Overlapping triplets are highly recommended as fundamental paradigms to evaluate the efficiency and robustness of a deconvolution approach. We performed preliminary studies regarding methods of quantitative deconvolution of Group III overlapping triplets in FT spectroscopy. Our approach successfully deconvoluted real closely-overlapping triplets, and they could be difficult to deconvolute by other approaches.
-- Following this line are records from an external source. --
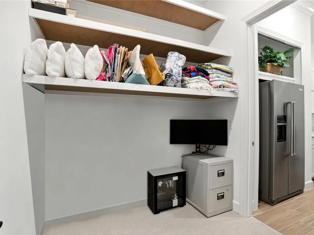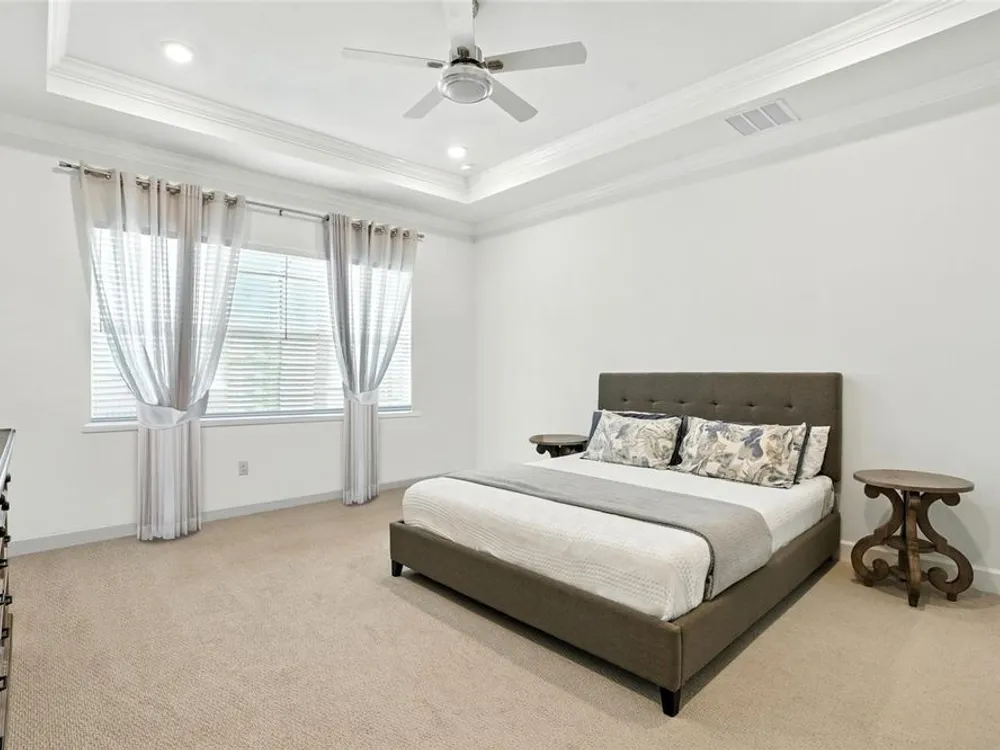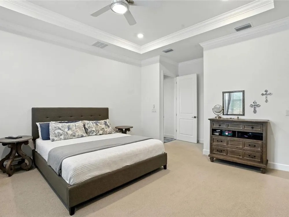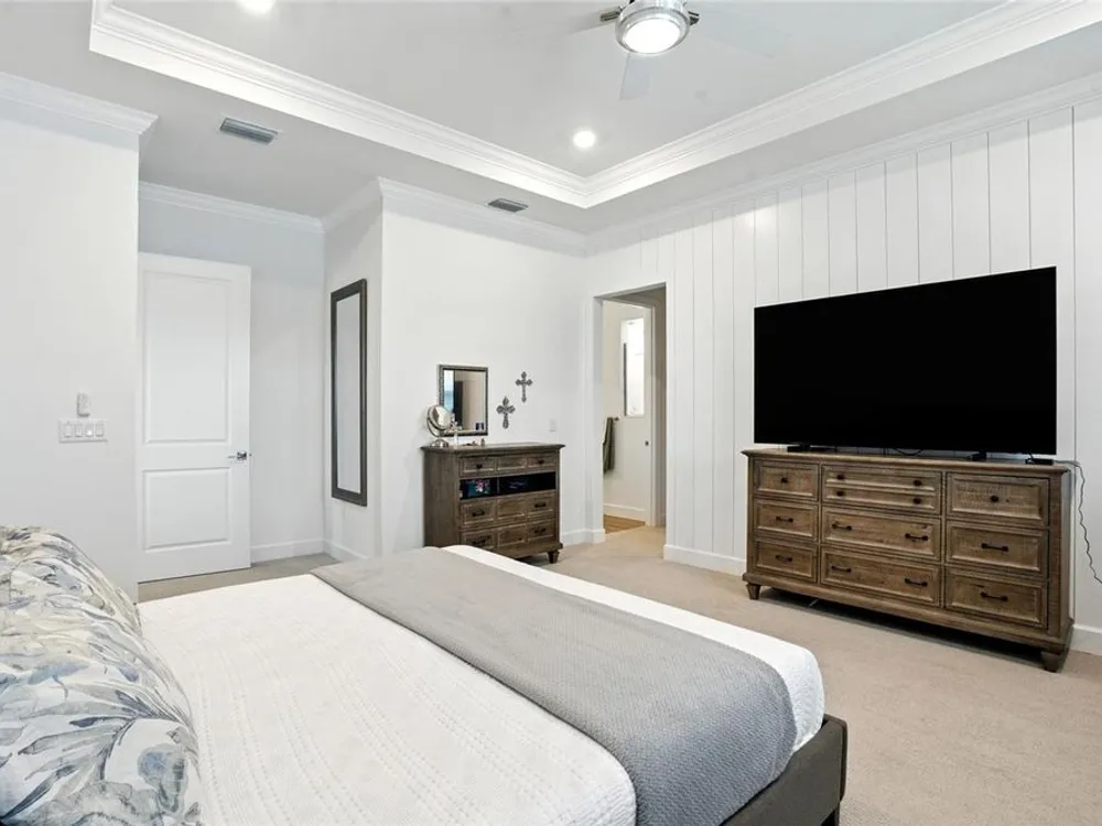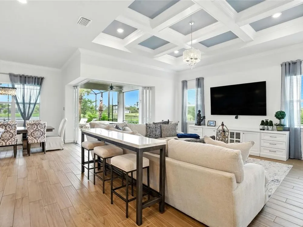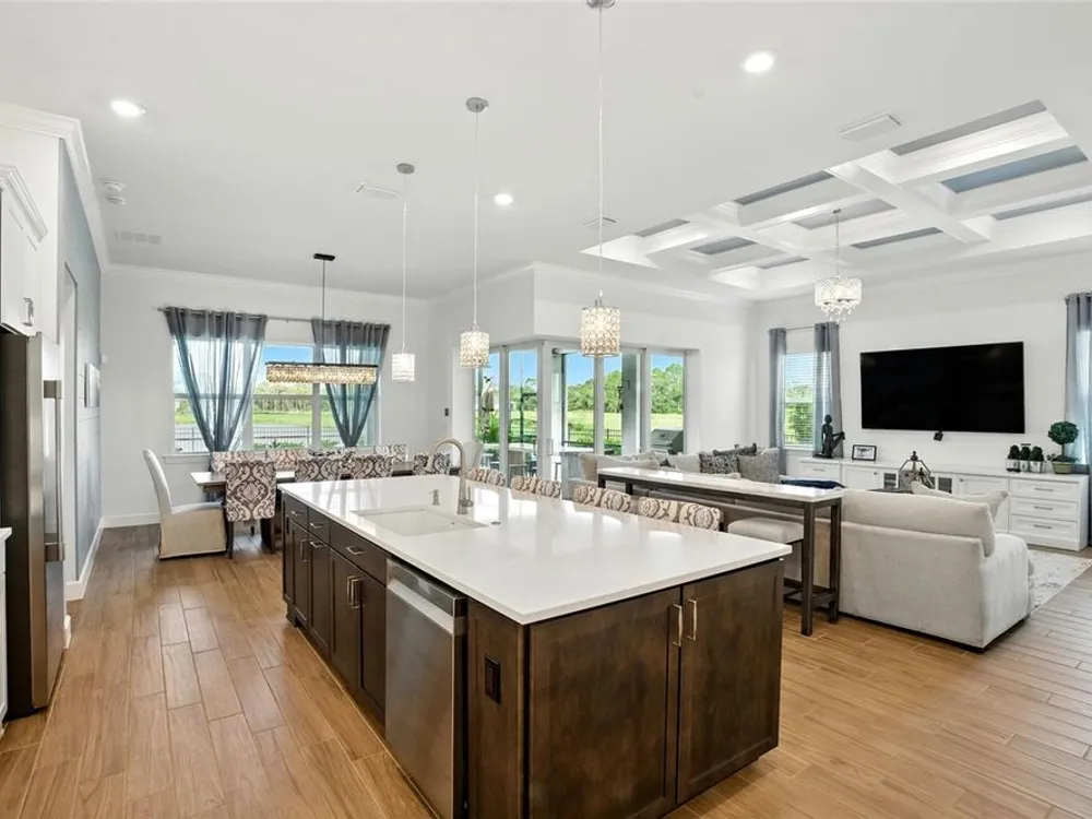- Built-in Features, Ceiling Fan(s), Coffered Ceiling(s), Crown Molding, Eat-in Kitchen, High Ceilings, In-Wall Pest Control, Kitchen/Family Room Combo, Living/Dining Room, Open Floorplan, Main Level Primary, Smart Home, Split Bedrooms, Tray Ceiling(s), Walk-In Closet(s), Window Treatments
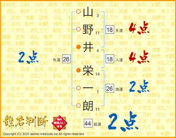 山野井栄一朗さんの総運は44画の2点!
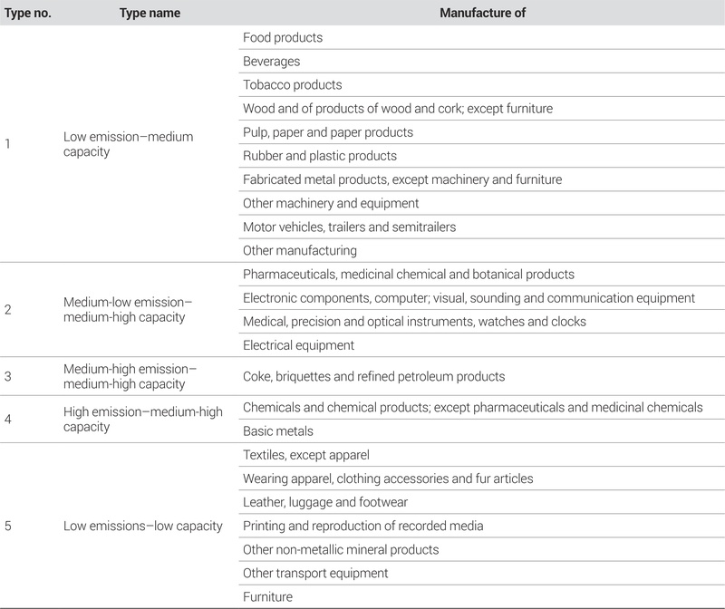 군집분석 결과를 바탕으로 탄소배출 부문 중 평균 이상인 지표가 5개인 경우 저배출, 4개인 경우 중·저배출, 2~3개인 경우 중배출, 1개인 경우 중·고배출, 0개인 경우 고배출로 분류하였다. 마찬가지로 대응 역량 부문도 고역량과 중·고역량, 중역량, 중·저역량, 저역량으로 분류하였다. 이에 따라 유형 1은 저배출-중역량 산업, 유형 2는 중·저배출-중·고역량 산업, 유형 3은 중·고배출-중·고역량 산업, 유형 4는 고배출-중·고역량 산업, 유형 5는 저배출-저역량 산업으로 명명하였다. 각 유형에 속하는 업종은 <표 3>으로 제시하였다.
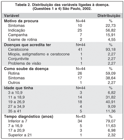 A distribuição das variáveis ligadas à doença está na tabela 2.
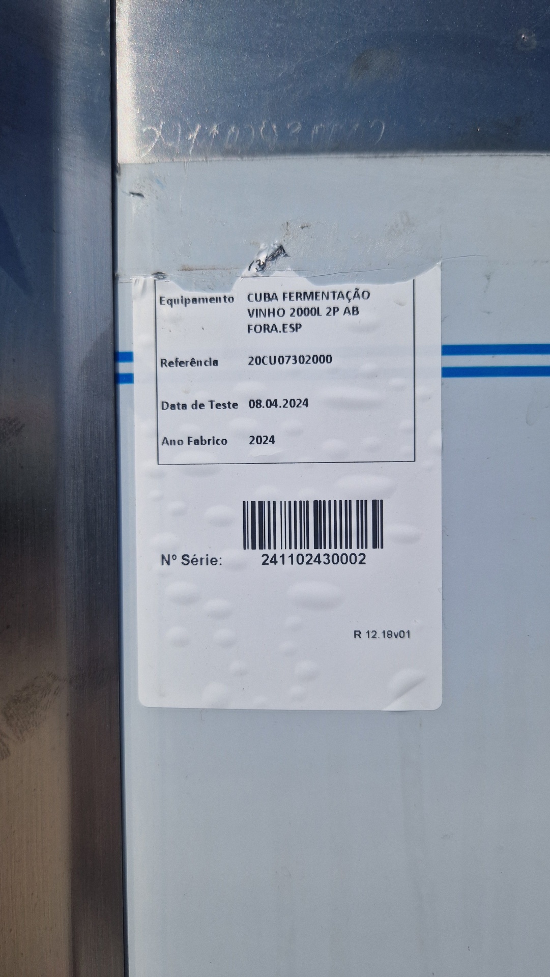 Cuba Inox Fermentação Vinho 2000 Litros 2 Portas 1.400,00 € Desconto de %. IVA incluído. Partilhar Comprar Contactar Cuba em Inox Capacidade: 2000 Litros Diâmetro: 125cm Altura: 230cm Inox: AISI304 Com 3 Pernas Com Válvula de Segurança Com Torneira de Prova Com Torneira de Saída 1" Com Passador de Trasfega 1 1/4" Com Tubo de Limpeza com Passador 1 1/4" Com Porta Lateral Abrir para Fora Com Porta Superior OFERTA TERMOMETRO
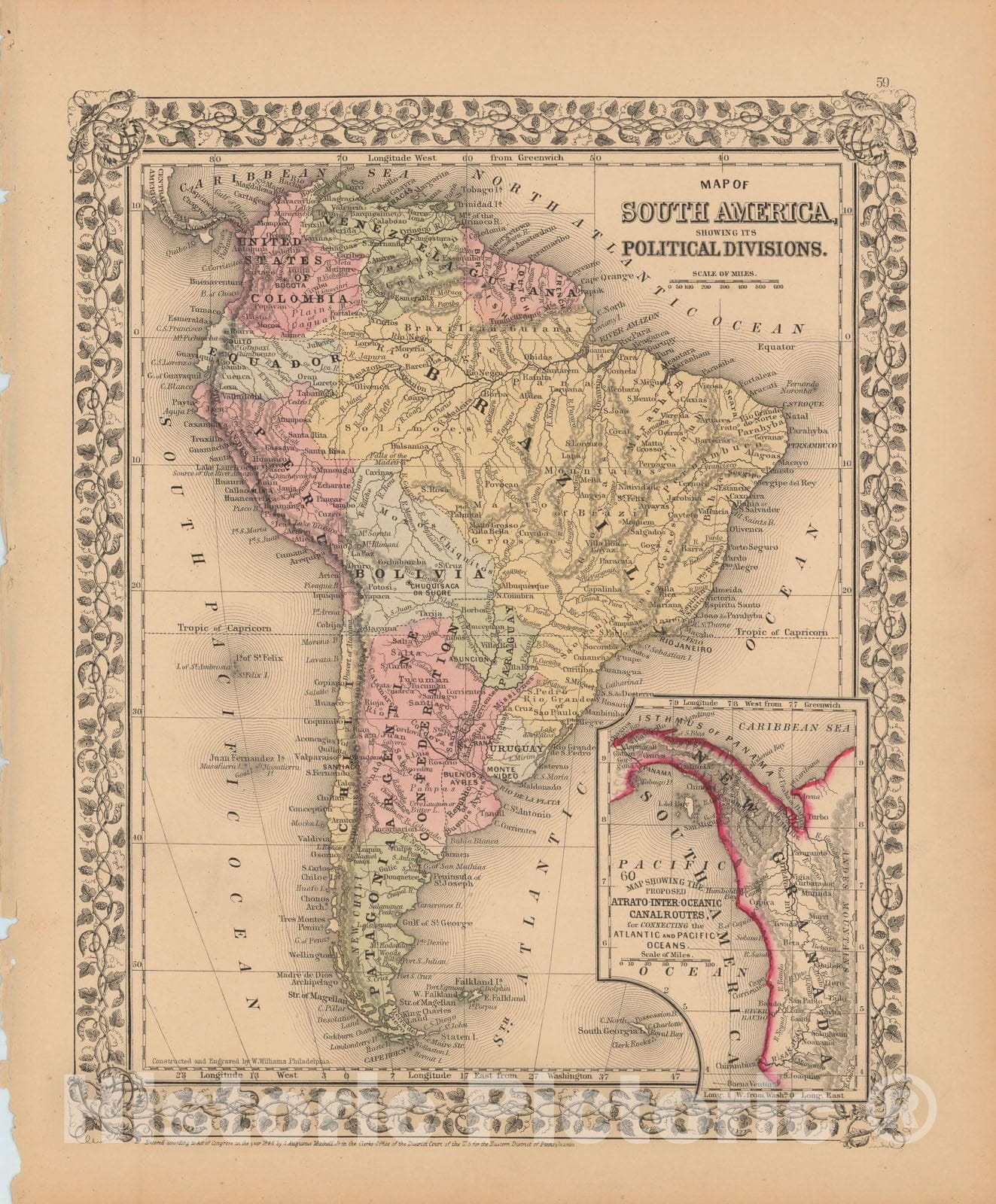 • .Historic Map : South America 1867 , New General Atlas , Vintage Wall Art

So far, the Huguenin and Jones algorithm is still the most effective method to locate overlapping peak positions [13]. We proceeded with the Huguenin and Jones algorithm to determine zero-crossing points of the consecutive odd-order derivatives. If a target peak is filtered precisely from its overlapping spectral band, the zero-crossing points should be homologues of its position as explicated by Equation (6), i.e., nearly the same. A matter of prime importance for a successful deconvolution is to identify the number of peaks in an overlapping band, more precisely, how many overlapped peaks exist above an analytical threshold. For FT spectroscopy, Marshall and Verdun presented a theoretical cycle of dispersion vs. absorption yielded by Hilbert transform to evaluate the “purity” of an isolated Lorentzian line [18] (pp. 11–12). The Hilbert transform of a deconvoluted peak can be used to test its “purity” in the deconvolution and help find the peak number in an overlapping band. The plot of ln[magnitude] versus time from the Hilbert transform of a single peak displays an extremely good linearity (R2 = 0.9996) in Figure 15a, and the Hibert transform of a closely overlapping doublet in Figure 15b appears bent with a “poorer” value, R2 = 0.9952. We can imitate a single peak and mix it with the similar background near the overlapping band and perform Hilbert transformation analysis to compare a deconvoluted peak with the single peak for their linearities under almost the same conditions. The poor linearity always indicates line-broadening, either from noise or overlapping peak(s).
Reverse curve fitting is an easy-to-use tool in the deconvolutions of FT spectroscopy and produces quantitative results. Of course, our new approach needs further refinement for more complicated overlapping scenarios, for example, deconvolutions of closely overlapped multiplets with asymmetric peak profiles, and how to better calibrate phase shifts in FT-NMR spectroscopy [30]. The facilitation of the deconvolutions depends largely on the overlapping degrees and noise level in an FT spectrum. Thus, we distinctively divided four overlapping scenarios as to their overlapping degrees. If the deconvolution only requires a qualitative resolution of the overlapping NMR peaks, it would be more convenient to use the odd-order derivative ratio algorithm developed in our previous work [11]. An analyst should select a suitable deconvolution approach and weigh the pros and cons according to concrete problems. It is better to test efficiency and reliability of a deconvolution method by comparing low- and high-resolution status. Eventually, highly accurate instruments are trustworthy whenever they are available [29].

5. Conclusions

Odd or even derivatives act as a key to decrypting the attributes of overlapping peaks. Our new approach overcomes the deconvolution barrier of overlapping degrees less than 1.0. We invested in the regular curve fitting algorithm for common overlapping FT bands without prior knowledge on solving their independent intensities. Our deconvolution approach using odd-order derivatives (D(3) or higher) can deal with different peak widths, successfully applying deconvolutions of the closely overlapped triplets.

Supplementary Materials

The following supporting information can be downloaded at: https://www.mdpi.com/article/10.3390/magnetochemistry11060050/s1, Figure S1: Simulation of 13C NMR spectrum and Python codes; Figure S2: Python code list to create a white Gaussian noise series.

Author Contributions

Conceptualization, S.-P.C. and S.M.T.; methodology, S.-P.C.; software, S.H.; validation, S.-P.C., S.M.T. and B.Z.; resources, S.-P.C.; writing—original draft preparation, S.-P.C.; writing—review and editing, S.M.T. All authors have read and agreed to the published version of the manuscript.

Funding

This research received no external funding.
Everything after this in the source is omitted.